The season also gives itself to year-end/new-year predictions fighting the e-waves with black Friday adds for every imaginable trinket. The year has felt about as tumultuous as a Trump combover in a windstorm, but here we are, somehow nearing a positive close in markets for 2025. Reward for a strong stomach I suppose.

 

Unstoppables: Around this time last year, one of our chief analysts, Jim Allworth, spoke about the. “unstoppables” – trends that will continue regardless of short-term fluctuations. Jim is not all sweetness and money. But his themes stand up well.

 

And they continue to hold promise for 2026 and beyond.

 

AI spending

Companies view AI as a matter of survival. Non-tech companies are also increasing their AI investments, despite uncertain returns.

Renewable power

The cost of renewable power has plummeted, making it the cheapest form of electricity generation in most economies. This is an economic driver that’s pushing utilities towards renewables, with installation rates surpassing estimates.

Aging population

As working-age populations decline, economies face challenges in growth and increased costs. However, this also presents opportunities for businesses catering to the elderly.

Electrification of everything

Cheaper electricity means more will be used. Many industrial processes fueled by fossil fuels today will transition to lower cost renewables over the coming decades.

Defense spending

Defense spending appears to be set on a course of steadily rising expenditure in response to worries about Russian expansionism and Chinese military build-up.

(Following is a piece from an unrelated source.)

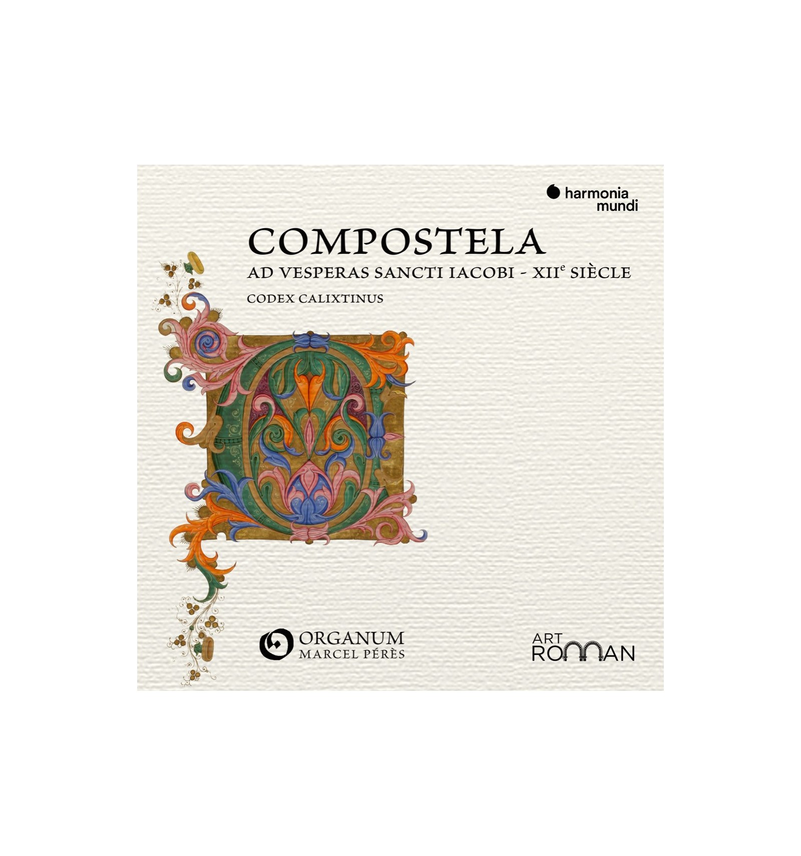 Since the 9th Century, the paths of Compostela have attracted many pilgrims. But what do we know of the chants for the offices devoted to the glory of the apostle since its beginnings? Thanks to the remarkable work of Marcel Pérès on the Codex Calixtinus conserved at the Santiago de Compostela cathedral, this album reproduces the treasures of this precious 12th Century manuscript.

All of these “unstoppables’ will offer significant investable opportunities in the coming decades.

 

Before our weekly investment newsletter (below), here’s a few on-topic charts worth a glance:

 

Canada needs IPOs too: (see chart below from The Global and Mail): “Year to date, there has been only one new operating company on the TSX. In fact, the TSX has not seen more than two operating company IPOs in any year since the short-lived post-COVID tech bubble burst in the fall of 2021. At the same time, the pace of graduations from junior stock markets to the TSX has also declined. There’s a lot that can be done to solve this issue. Red-tape reduction, further harmonization of securities regulations across provinces and modernization of the IPO process are all essential. However, the depth of the challenge demands that we act more boldly by pursuing innovative policies.”

 

 

More slackers hidden under the headlines: “Youth Employment Drives November Job Gains, Unemployment Hits 16-Month Low.” Canada’s unemployment rate fell to 6.5% in November 2025, down from 6.9% in October. “… we note that much of the drop in unemployment was due to a 0.2% decline in the participation rate to 65.1%. A +18k increase in the population last month was more than offset by a -26k reduction in the size of the labour force.” The decline represents the second consecutive monthly drop in the unemployment rate, following a peak of 7.1% in September – the highest non-pandemic level since May 2016.

 

 

China China China China China It’s always and forever about scale.

China’s strategic industrial lead over the rest of the world (see chart below from BAML): “Exhibit 1 makes clear, China is entering the next five years with an astounding lead in a number of strategic industrial activities. From robots to electric vehicles (EV) to nuclear reactors, you name it, China’s building it—and, in many cases, leading the rest of the world.”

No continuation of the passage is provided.